The Indestructible Man


Okay at LAST a book I enjoyed. Leave it to author Simon Messingham to create a frightening vision of Earth's future where an unknown and virtually unseen alien menace terrorized Earth in a nasty war by posessing normal people and driving them mad. And the only way to stop them was to employ the services of the Indestructible Man; a normal human who was duplicated by the alien Myloki but remained human enough to stop them. But 30 years later, an intruder is fatally shot on a secret base, his companions escape, and six months later he makes a complete recovery. The man also appears indestructible, and he muses that he should have changed. The Doctor realizes that there is more going on than a simple invasion and once Jamie and Zoe have been recovered from where they have hidden on Earth he attempts to find the original Indestructible Man and save the world. Again.

I have long been an opponant of revisionist writers taking previous Doctors and companions into dramatic areas they never really touched on screen, and here we have just that, and aside from a few minor points it is actually done quite well. The second Doctor has often had this frown and darker mood that hinted at his murky past (which is in itself a revisionist concept that came from the final days of the seventh Doctor in 1989), and Messingham has capitalized on this. The Doctor broods a lot. He is direct and to the point when he has to be. And other times he exhibits childlike delight and wonder at what he finds. It's all there, and it all works. The failing in this scheme is usually in the companions, and I find the circumstances that Zoe and, particularly, Jamie, end up in after witnessing the "death" of the Doctor to be a bit of a stretch. Zoe's technical skills are realized and she becomes part of a slave class, working in an office and falling in love with her boss. Every now and again she gets flashes of her previous life on the Wheel and realizes that she is slipping back into her more "robotic" existence, and that her time with the Doctor has changed her. As for Jamie, he becomes a twisted nasty sort working for a local military elite, chanelling his rage at the Doctor's death against those he holds responsible. I suppose people do what they must to survive, but it's hard to picture them in these situations. Even when the eventual re-uniting happens it takes a while for them to come back together and become the TARDIS crew once more.

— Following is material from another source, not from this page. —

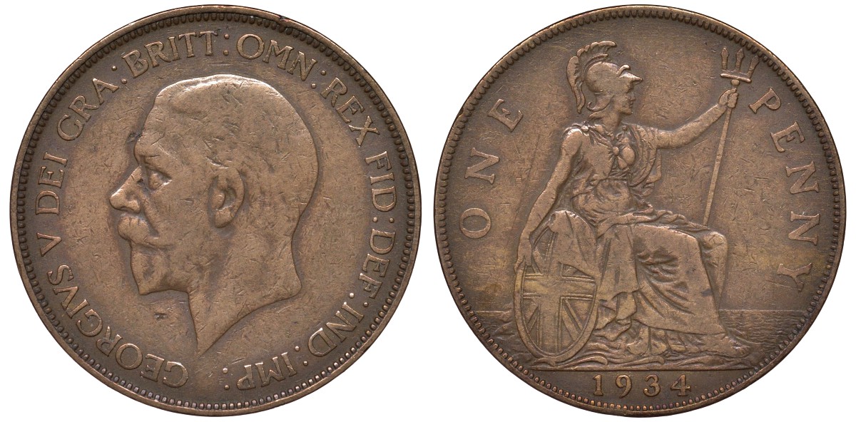 Великобритания 1 пенни 1934 Георг V (1910-1936) KM 838, Spink 4055 бронза 4131-423
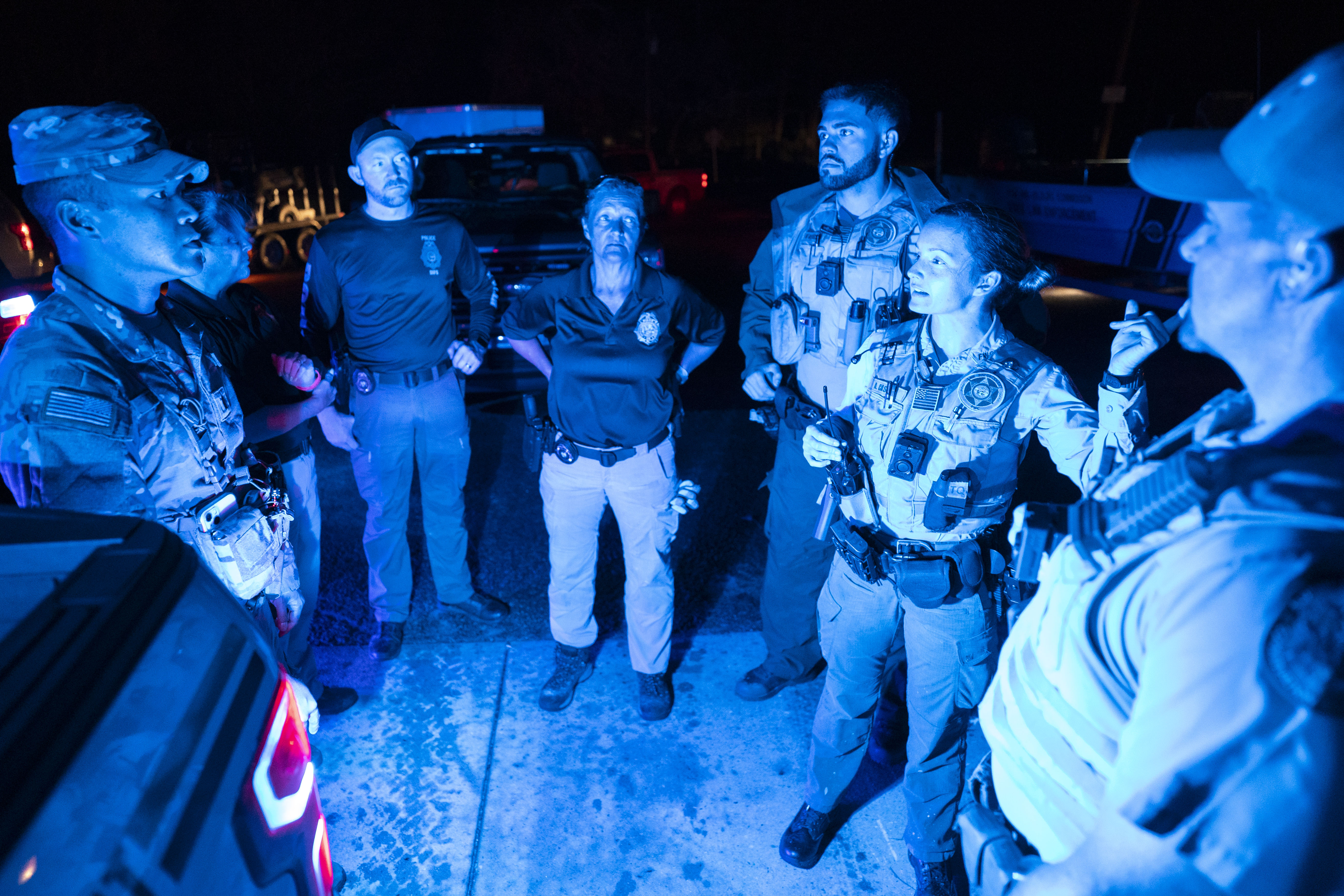 STEINHATCHEE, FLORIDA – SEPTEMBER 27: Emergency responders share information in the aftermath of Hurricane Helene on September 27, 2024 near Steinhatchee, Florida. Hurricane Helene made landfall nearby last night as a category four storm but has weakened as it moves inland. (Photo by Sean Rayford/Getty Images)

Earth in Messingham's future is a grim place. The entire social order is in ruins from the effects of the first war, and secret organizations hold the answers and the only hope for the future of the planet. One in particular, SILOET, has direct links back to the old UNIT that was created under Brigadier Lethbridge Stewart back in The Invasion. As UNIT figures very prominently in the future of Doctor Who there is a lot of material referenced here (the Earth year in the book is 2096) which would be confusing for a new viewer/reader who has started at the very start with no knowledge of the future direction of Doctor Who. The people running SILOET, though, are nowhere near the kind of solider the Brigadier was; they are desperate, afraid, and feel helpless in the face of what has happened. Especially good is the commander, Bishop, who doesn't go over the edge as a megalomaniac like some would in his position. Of course the central location to start the story off is London, but the Doctor takes a side-trip to Barbados and regions of South America in search of the Indestructible Man, while Zoe spends time on SKYHOME, a massive skybase within the stratosphere, and Jamie goes to an underwater prison. It's always good when a writer can make all these locations work on page, taking us away from the usual corridors and control rooms. In fact, Messingham doesn't even use the TARDIS as a location the whole novel.

Now, of course, comes the real jarring part: this is the last novel of the second Doctor that I am going to review, so I'm back to 1969, back to the televised episodes. And there are only two adventures left for the Doctor...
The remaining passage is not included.